# Music by Genre > Orchestral, Classical, Italian, Medieval, Renaissance >  Beginner Classical

## FlimFlam

I'm about a month into my mandolin playing and things are going really well! I come from a background of cello, bass and some guitar playing so the tiny-ness of the mandolin took some getting used to, but it actually feels more natural than when I was learning any other instrument.

I have an instructor that I see every other week which has been super helpful. He's given me a bit of basic bluegrass and Irish stuff to work on, but I want to become proficient at classical as well. I absolutely LOVE Chris Thile's album of his renditions of Bach Sonatas and Partitas, and while I'm obviously not there yet I'd like to be able to practice some classical in these early stages of learning the instrument.

Anyone have recommendations for specific pieces to play? Something that would have readily available sheet music would be preferred. Thanks for any input!

----------


## derbex

Try this thread ; http://www.mandolincafe.com/forum/sh...usic-Song-Book

If you want a classical method then I and a few others are working through Silvio Ranieri's one, or Marilyn Mair's more up to date book.

----------

crisscross, 

violmando

----------


## crisscross

I'm one of the few others, derbex mentioned, and I really recommend the Ranieri method.
The first volume is entirely in the first position and you really work on your tremolo.
https://www.youtube.com/watch?v=RGklSZHB600

In addition to  the 18th century book I recommended from Astute Music's catalogue in the other thread, they have a number of beginner/lower intermediate books, for instance Hugh Boyd's Signposts https://www.astute-music.com/store/p...ugh_Boyde.html

or Alison Stephen's 6 Episodes https://www.astute-music.com/store/p..._Stephens.html

----------

DavidKOS

----------


## fumblefour

As a beginner, I am doing the Artistworks Classical mandolin course with Caterina Lichtenberg, which is great. But I am also having a lot of fun with Allan Alexander's books of Renaissance and Medieval music arranged for mandolin. I guess a lot of people here might regard them as too simple/easy, especially if like you they already play other instruments; but many of the pieces are really quite delightful, and it's good practice for sight reading. 

http://www.guitarandlute.com/renaissance_mandolin.html

----------


## JeffD

This is really good. Really great as in introduction and nickel tour of the territory, as well as stuff to work on.
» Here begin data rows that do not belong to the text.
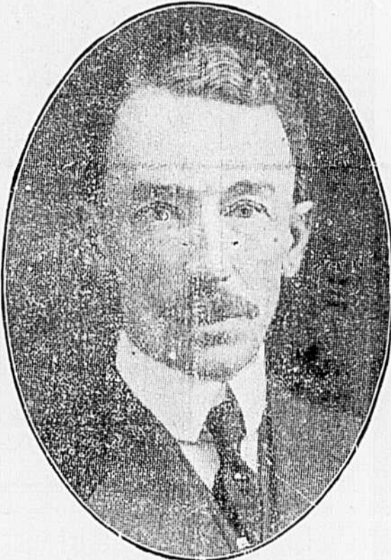
L'hon. M. L.-A. TASCHEREAU, dont le gouvernement a été maintenu au pouvoir

Durant une heure environ, alors que les rapports nous étaient donnés par la Radio, on crut que le gouvernement serait défait; mais les derniers rapports changèrent le courant et assurèrent au premier ministre L.-A. Taschereau, son maintien au poste qu'il occupe depuis 1920.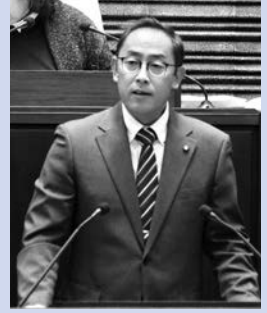
渡部 勤文 議員 会派に属さない議員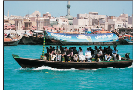
杜拜傳統水上的士ABRAS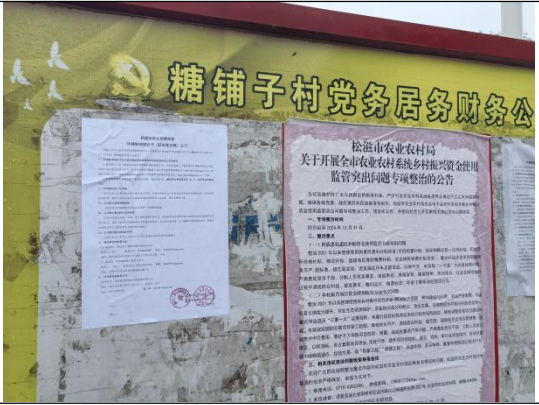
糖铺子村委会（糖铺子村三组\四组）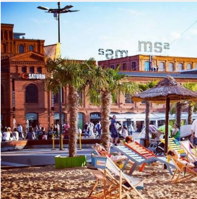
Rynek Manufaktury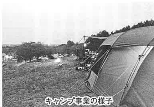
キャンプ事業の様子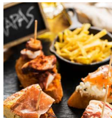
Ruta de tapas y vinos en Lugo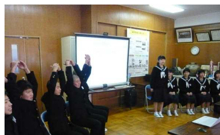
生徒会役員がCSの活動状況を発表

視察に来校された方々からたくさんの感謝や激励のお手紙等をいただいておりますが、一部紹介します。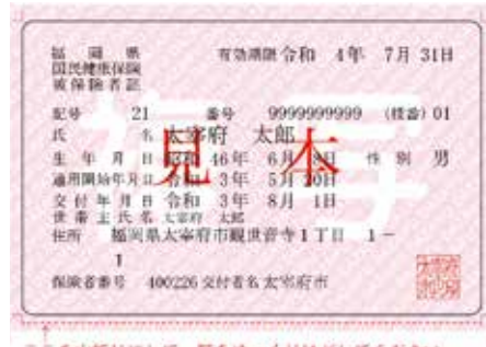
新しい保険証のイメージ

8月1日から使用する保険証を郵送します 新しい保険証(ピンク色)を6月下旬から世帯主宛てに簡易書留で郵送し、8月から使用できます。古い保険証(青色)は8月に入ってから細かく裁断して破棄してください。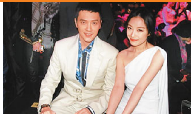
馮紹峰在微薄公佈與倪妮的戀情，獲大家祝福。

香港文匯報訊 (記者 顧一丹 廣州報道)馮紹峰昨日在官方微博大方公開與倪妮戀情，稱：「老天讓你等，是為了讓你遇到對的人，現在很幸福！上蒼眷顧，感恩！」最後加上倪妮名字，直指倪妮就是他所遇上對的人。近十萬網友紛紛在微博中送上祝福！倪妮的經紀人蒲小姐表示，倪妮和馮紹峰在一起後特別開心，兩人十分般配。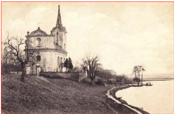
Partie u přívozu v roce 1916

Přívoz a brod v Radotíně přes Mži (nynější Berounku) je zmíněn již v listině Vladislava II. z počátku 12. století. Převozníková pramice pak po stejné řece pendlovala ještě v padesátých letech 20. století, než se tu objevil první ponton.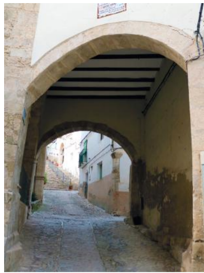
7 LAS CUATRO ESQUINAS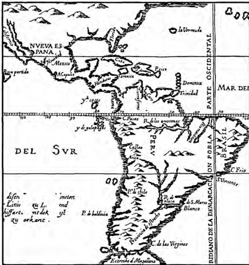
Descripción de las Indias Occidentales

Desde la Prehistoria, por lo menos hace treinta y cinco mil años, el territorio fue utilizado, si no para perseguir y trasegar semovientes, por lo menos para que el mamut, mastodontes, equus y otras especies del paleolítico transitaran por Nicaragua. Esto se ha demostrado por investigaciones paleontológicas (Espinoza; 1982) llevadas a cabo en los años setentas en El Bosque (Pueblo Nuevo, Estelí). En la Costa Atlántica, a principios de los años '70, se descubrieron cinco «shell mounds» o conchales en las cercanías de Punta Mico, posteriormente se descubrieron más de diez conchales, al norte y al sur de Monkey Point (Matilló 1993:17), con restos de tres horizontes culturales, el más antiguo de hace nueve mil años cuyos autores probablemente recorrían las costas caribeñas de América Central.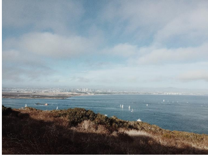
▲ Point Loma 燈塔、海景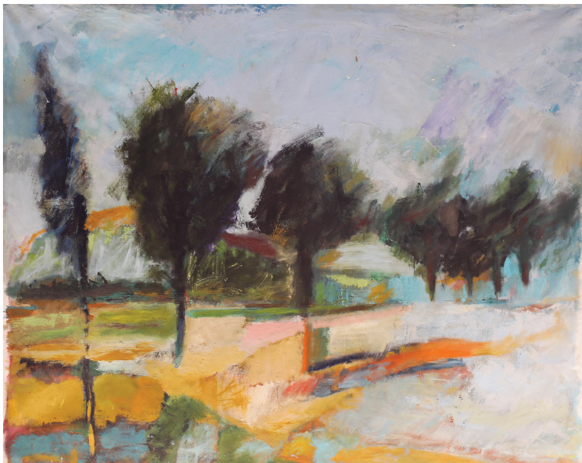
נוף בירושלים, שמן על בד, 200 x 155 ס"מ.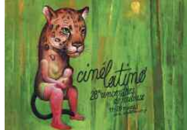
Affiche réalisée par Ronald Curchod

80 invités latino-américains Plus de 400 professionnels accrédités, 60 journalistes de la presse locale, nationale et internationale.

https://www.mandolincafe.com/forum/s...ring+classical

----------


## esintong

> I'm one of the few others, derbex mentioned, and I really recommend the Ranieri method.
> The first volume is entirely in the first position and you really work on your tremolo.
> https://www.youtube.com/watch?v=RGklSZHB600
> 
> In addition to  the 18th century book I recommended from Astute Music's catalogue in the other thread, they have a number of beginner/lower intermediate books, for instance Hugh Boyd's Signposts https://www.astute-music.com/store/p...olo%29_by_Hughcascodes/_Boyde.html
> 
> or Alison Stephen's 6 Episodes https://www.astute-music.com/store/p..._Stephens.html


I have an old Gibson F-Mando, but I very rarely play it. I really should take it for a spin more often, though 

Unfortunately, that´s all I can add, other than my (probably well known) standpoint on imports in general which you didn´t ask for 

BTW, how was the MusikMesse. I didn´t make it this time out, but next year we gonna have a beer or 2. I mean, where´s the harm in negotiations with a guitar manufacturer

----------


## wildpikr

> I'm about a month into my mandolin playing and things are going really well! I come from a background of cello, bass and some guitar playing so the tiny-ness of the mandolin took some getting used to, but it actually feels more natural than when I was learning any other instrument.
> 
> I have an instructor that I see every other week which has been super helpful. He's given me a bit of basic bluegrass and Irish stuff to work on, but I want to become proficient at classical as well. I absolutely LOVE Chris Thile's album of his renditions of Bach Sonatas and Partitas, and while I'm obviously not there yet I'd like to be able to practice some classical in these early stages of learning the instrument.
> 
> Anyone have recommendations for specific pieces to play? Something that would have readily available sheet music would be preferred. Thanks for any input!


Here's something to try:

https://www.mandolincafe.com/news/pu...s_001743.shtml

Hope this helps. :Coffee: 

Oops...didn't notice the thread date before my reply...mea culpa.

----------


## Michael Neverisky

Bouree 1 from Cello Suite 3 by J. S. Bach is accessible and often played on the mandolin.

----------


## Louise NM

The Mel Bay website has a number of books of classical mandolin pieces. John Goodin has published one of pieces by Telemann. The difficulty varies, so it is a book you could learn from for a long time.

----------

John Goodin

----------


## Phil Vinyard

I'll vouch for John Goodin's stuff. Spent a delightful evening tonight on the screened in porch playing his Playford for Mandolin book on my octave.

----------


## Carl23

Reviving this thread with an additional question:

After working through various method books, what are some good "starter pieces" for beginners.

C

----------


## mandolinruletheearth

Kewl, just switched over myself from playing classical guitar and upright bass. I am enjoying working myself through the learning the instrument. I am farely quick study, I have the Cristofraro Method book that I plowing myself through. I eventually want to merge my classical playing with playing jazz as well. So the adventure is fun big time

----------


## Jim Imhoff

August Watters has an excellent Classical Mandolin book with some historical background along with technical advice and exercises. there is an accompanying video you can access with the book's code.

----------


## Carl23

> I eventually want to merge my classical playing with playing jazz as well. So the adventure is fun big time


Same.

 :Smile:

----------


## Kevin Stueve

> Reviving this thread with an additional question:
> 
> After working through various method books, what are some good "starter pieces" for beginners.
> 
> C


Bach Cello Suites.

----------